Happy eaters exercise without anxiety
Among the women we surveyed, one group was most likely to work out more than once a week: nondisordered eaters who are watching their weight. Many disordered eaters exercise frequently, too. But for happy eaters, "exercise is a means to have a healthy body and cope with stress. It doesn't define them," says Graham Thomas, Ph.D., assistant professor of behavioral medicine at Brown University Medical School in Providence, Rhode Island, and coinvestigator for the National Weight Control Registry. "For some eating-disordered women, exercise does define them. They might decide how they feel about themselves based on how much they work out."

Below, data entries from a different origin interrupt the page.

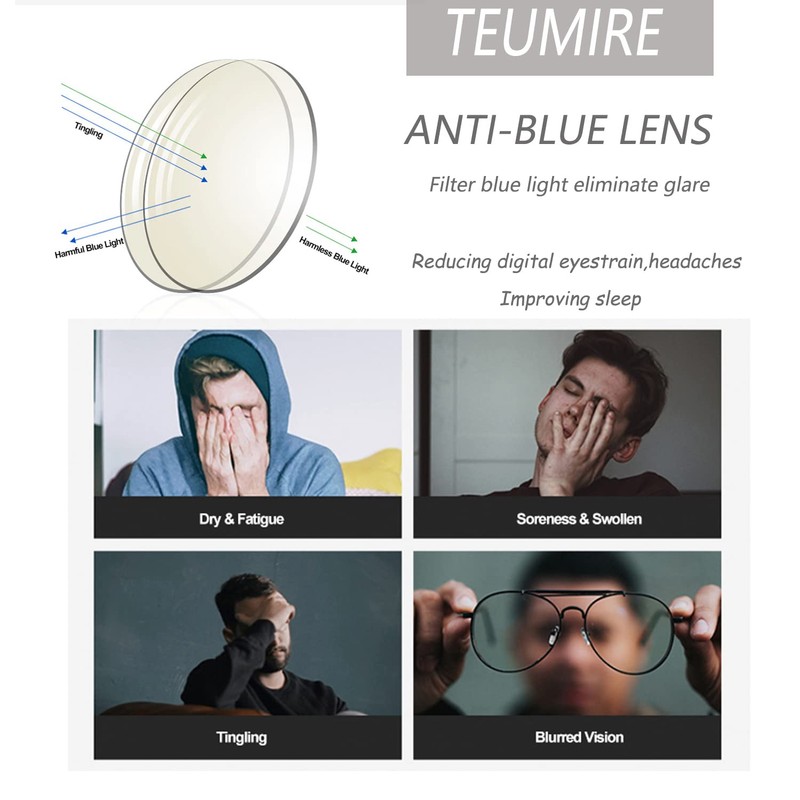 Teumire anti-blue light glasses mainly reflect harmful blue light through the lens surface coating or add anti-blue light factor through the lens base material to absorb harmful blue light, thereby achieving the blocking of harmful blue light and protecting the eyes.
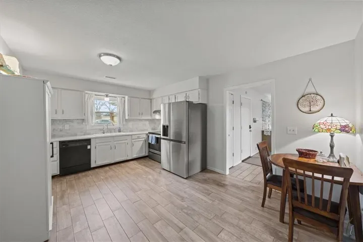 +"PublicRemarks": "Super cute ranch home! The exterior has been freshly painted with cedar accents added to create adorable curb appeal. There is plenty of room to entertain with two living areas and an updated eat-in kitchen. This home has a nice primary suite, which is almost impossible to find at this price. The flex family room features a fireplace and also makes for a great hearth dining room. A sliding door leads to a covered patio overlooking the large fenced yard with an additional shed for storage. Roof and gutters were replaced in 2024, and windows were replaced in 2021. This home is close to The Crossing at KU, bus stops, shopping, trails, and everything Lawrence has to offer!"
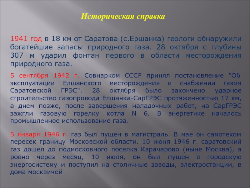 5 сентября 1942 г. Совнарком СССР принял постановление "Об эксплуатации Елшанского месторождения и снабжении газом Саратовской ГРЭС". 28 октября было закончено ударное строительство газопровода Елшанка-СарГРЭС протяженностью 17 км, а днем позже, после завершения наладочных работ, на СарГРЭС зажгли газовую горелку котла N 6. В энергетике началось промышленное использование газа.
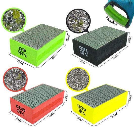 NBB Almohadilla diamantada a Mano para lijar o pulir, Bloque Diamante de Lijado/Pulido con Respaldo de Esponja Flexible para moliendar Piedra Granito cerámica azulejo Vidrio Madera Metal
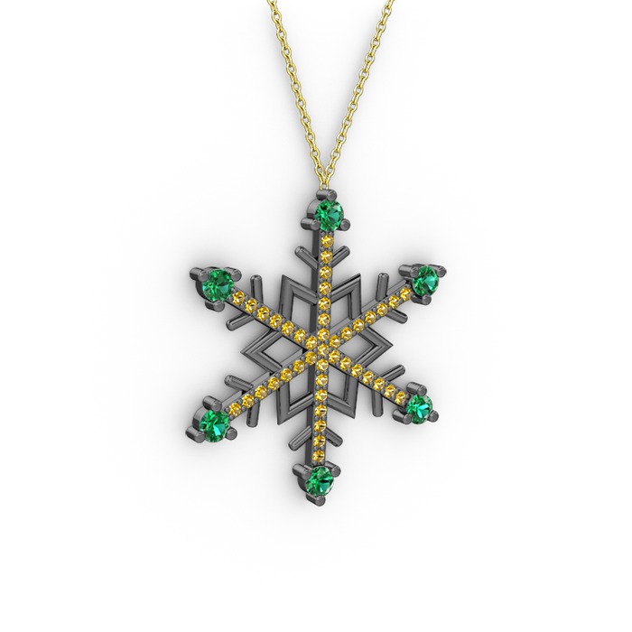 Yeşil kuvars ve sitrin 925 ayar siyah rodyum kaplama gümüş kolye (40 cm altın rolo zincir)
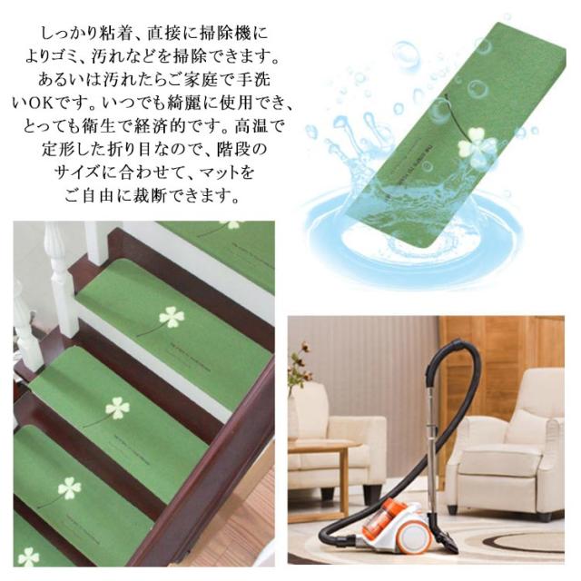 | 【簡単吸着】裏面の保護膜を剥いて階段に簡単にしっかり吸着して、掃除機をかけてもずれず、剥がしても跡が残らないから貼り直しも簡単にできます。裏面の粘着力が半永久的に持続するので繰り返す使用ができ、とても経済的です。 【優れた吸音性】表面は柔らかいポリエステル繊維、踏み心地が優しいです。裏面はざらざらとしたPVC、板にしっかり密着できます。ポリエステル素材は吸音性が優れるため、いつも気になる足音を軽減できます。階段の上り下りの騒音対策や衝撃も緩和され足腰にも優しいです。落ち着く雰囲気を醸し出すために新築やマンションにも最適です。 【転倒防止】滑り止めが加工され、階段での危険な転倒の防止対策にぴったりです。小さなお子様はもちろん年配の方やペットにもこれで安心です。ペットの爪キズ防止に最適です。また床キズの防止にもなるので新築や賃貸住宅にも優しいです! 【蛍光設計】蛍光材質ですので、電気消してもしばらく見えますので安心!吸収する光が強ければ強いほど、より明るく、長時間発光を続け、弱ければ発光も暗く、 時間も短くなります 【清潔簡単&自由にカット】しっかり粘着、直接に掃除機によりゴミ、汚れなどを掃除できます。あるいは汚れたらご家庭で手洗いOKです。いつでも綺麗に使用でき、とっても衛生で経済的です。高温で定形した折り目なので、階段のサイズに合わせて、マットをご自由に裁断できます。 | |
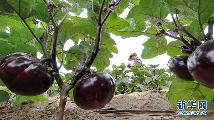 6月21日,滦州市小马庄镇大马庄村的菜农在收获茄子。近年来,河北省滦州市积极调整农业产业结构,鼓励当地合作社和农户发展果蔬种植,丰富当地农产品种类,越来越多的农民依靠“果园子”“菜篮子”鼓起了“钱袋子”。新华社记者牟宇摄
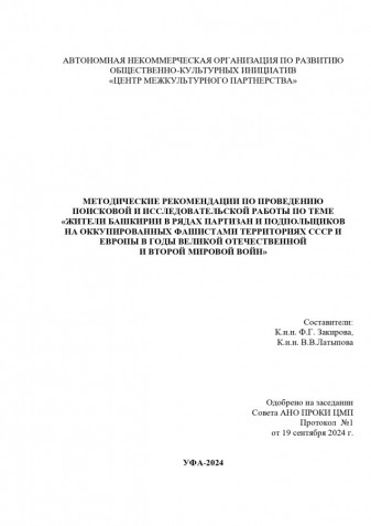 Методические рекомендации по проведению поисковой и исследовательской работы по теме «Жители Башкирии в рядах партизан и подпольщиков на оккупированных фашистами территориях СССР и Европы в годы Великой Отечественной и Второй мировой войн» разработаны к.и.н., заместителем начальника отдела генеалогии, публикационной и издательской работы Национального архива Республики Башкортостан Ф.Г.Закировой и к.и.н., директором АНО ПРОКИ «Центр межкультурного партнерства» В.В. Латыповой.
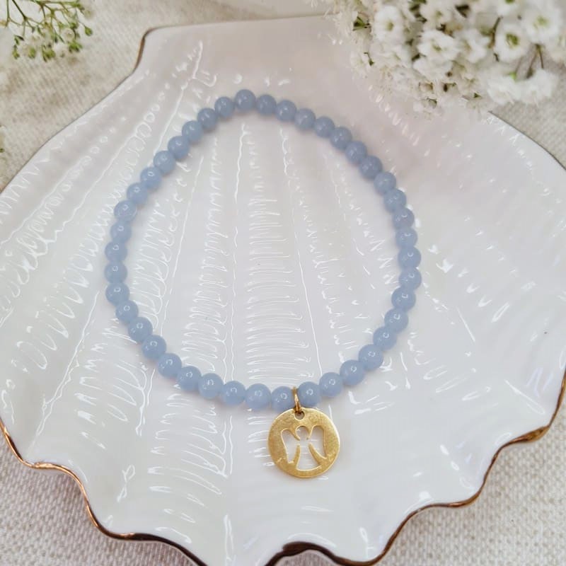 Angelit je jedním z kamenů vědomí pro nový věk. Symbolizuje mír a bohatství. Pomáhá napojit se na říši andělů, prohlubuje naladění se na mysl a zvyšuje vnímavost. Díky angelitu budete soucitnější a smířlivější - zejména k věcem, které nelze změnit. Mírní duševní bolest, navozuje hluboký pocit klidu a míru. Zvyšuje úroveň vědomí.

Gregory Florez, CEO of FitAdvisor.com, a corporate health-coaching service in Salt Lake City and spokesman for the American Council on Exercise, says two thirds of his clients are exercise addicts. "Some women have low self-esteem or anxiety that they are pouring into body image. Because they exercise from a place of fear, they can feel frantic if they miss a workout and stick to their routine even when ill or injured." Happy eaters, in contrast, "listen to their body and rest when they need to," Florez says. "Give your body time to recover and your next workout will be of a higher quality."

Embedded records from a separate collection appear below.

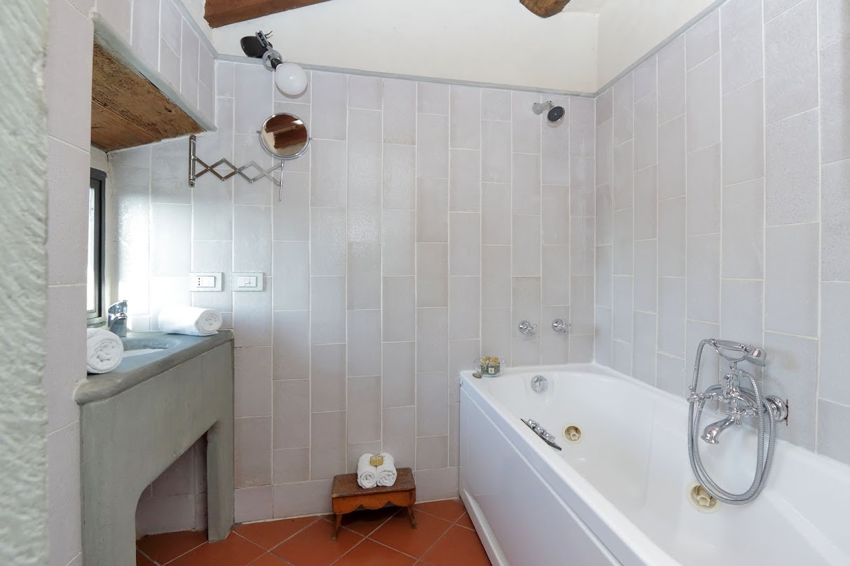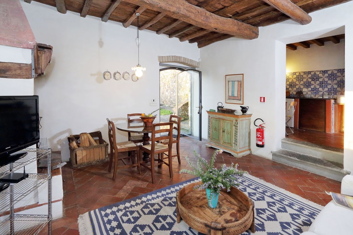 La Canonica (4 +2 beds - 99 sqm) with garden with table and chairs, living room with fireplace and double sofa bed, dining room, kitchen (dishwasher), double bedroom with bathroom with shower, one double bedroom And a bathroom with hot tub.
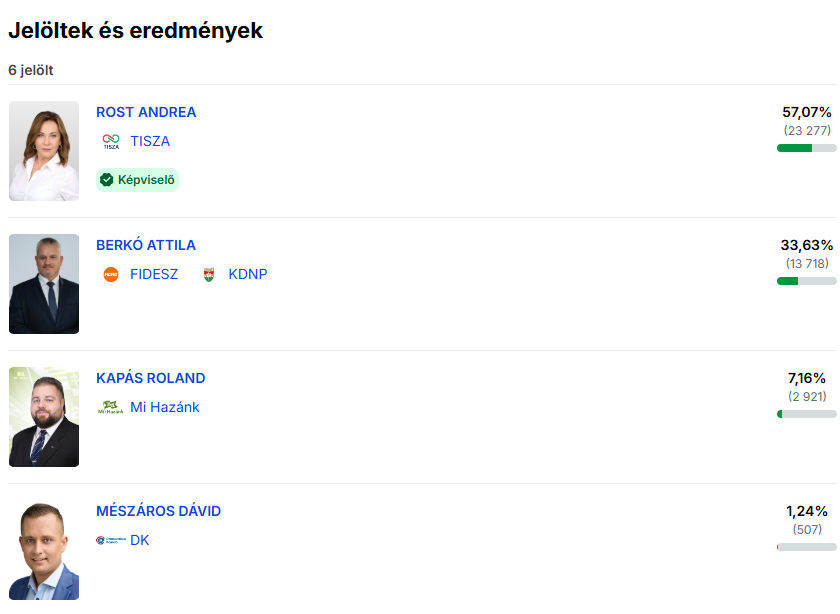 A szolnoki, 1-es számú választókerületben Rost Andrea fölényes győzelmet aratott. A Tisza Párt jelöltje közel 58 százalékot szerzett, miközben a Fidesz–KDNP jelöltje, Berkó Attila bőven tíz százalékpont feletti hátrányba került.
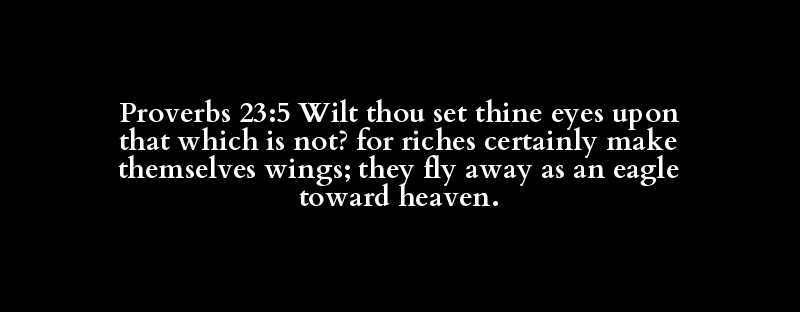 Proverbs 23:5 Wilt thou set thine eyes upon that which is not? for riches certainly make themselves wings; they fly away as an eagle toward heaven.
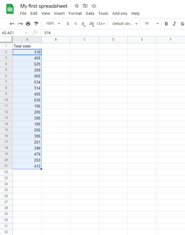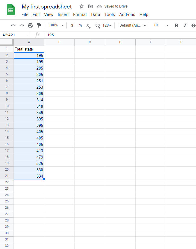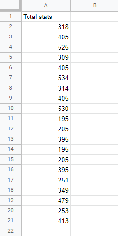 In the image below the sorting is done based on the Total stats values in column B
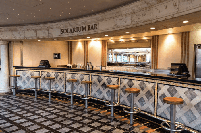 Discover the Solarium, a relaxing indoor-outdoor retreat. Perfectly positioned at the front of the ship, the crystal canopy area presents fantastic views while you enjoy swimming pools, whirlpools and lounge area.

For happy eater April Grimm, a 36-year-old day care center owner from Little Cedar, Iowa, making a mix of activities part of her daily play has helped her decouple exercise from weight loss worries. And by testing her muscles in new ways, she gets better results than she would with a set routine. Grimm, 5 foot 9 and about 135 pounds, lifts weights and gets creative to stay active with her kids. "I do sit-ups while my youngest crawls around me," she says. "We take bike rides or run in circles in the yard." Learning to feel satisfied with this kind of "unworkout" is a happy approach. "The worst thing you can do is say, It's not going to count if I don't do 60 minutes at the gym," Florez says. "Any movement counts, even if it's only for 10 minutes."